Varoufakis: Claims of Greek request to print drachmas ‘nonsense’

In comments to Skai, former leftist finance minister Yanis Varoufakis described as "nonsense" claims that, while at the helm of the ministry in 2015, he had lodged a request with Moscow to print drachmas for Greece.  

"No way, that's nonsense," Varoufakis, who now leads the party MeRA25, told Skai, while admitting however that the leftist administration he was part of had a "Plan B" in place. 

"Of course there needed to be a Plan B and there was one," he said. "The Plan B was about what you do if you need to go to Grexit, because it wasn't us that wanted Grexit. It was Schaeuble that talked about that," Varoufakis said, referring to the former German finance minister.

Questioned about the claim, made in a biography about French president Francois Hollande, regarding an alleged request to Moscow to print drachmas, Varoufakis said that Hollande "lied very often with one aim: to change his own image."

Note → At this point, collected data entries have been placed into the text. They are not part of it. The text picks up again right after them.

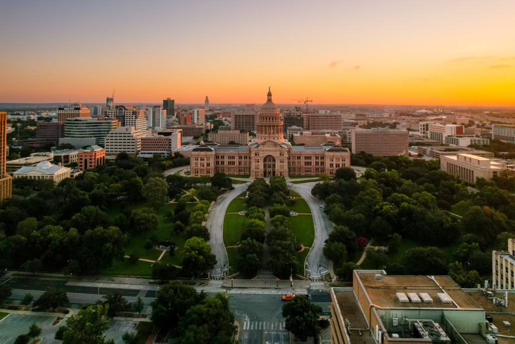 - Arsitektur megah dengan kubah berlapis emas yang menjadi ikon kota Austin.
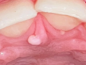 A 17-year-old girl presented to the pediatric dentist for a recall exam with a painless, small nodule.
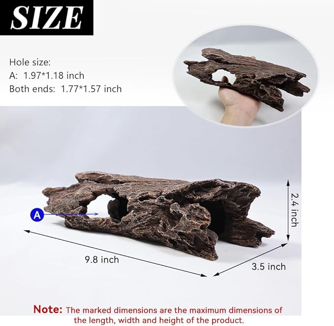 - Size: 9.8*3.5*2.4 " (size can be read through detailed pictures). The fish tank ornament is suitable for small aquarium pets, such as fighting fish, hermit crabs, crayfish, sucker fish, guppy, etc., or small crawling pets

"He made two or three attempts to help us, that's true, as did Moscovici and Juncker," Varoufakis said, referring to European Economy Affairs Commissioner and former European Commission President. "My worst mom,ents in Brussels where when Hollande, Juncker and Moscovici tried to help us because that's when Schaeuble would get angry and become even tougher," he added. 

As for whether former prime minister Alexis Tsipras asked for funds from Russia, Varoufakis said that, "the discussions between Tsipras and Putin about natural gas pipelines had been based on the exchange of a down payments of several billions, about 5 or 6 from what I heard."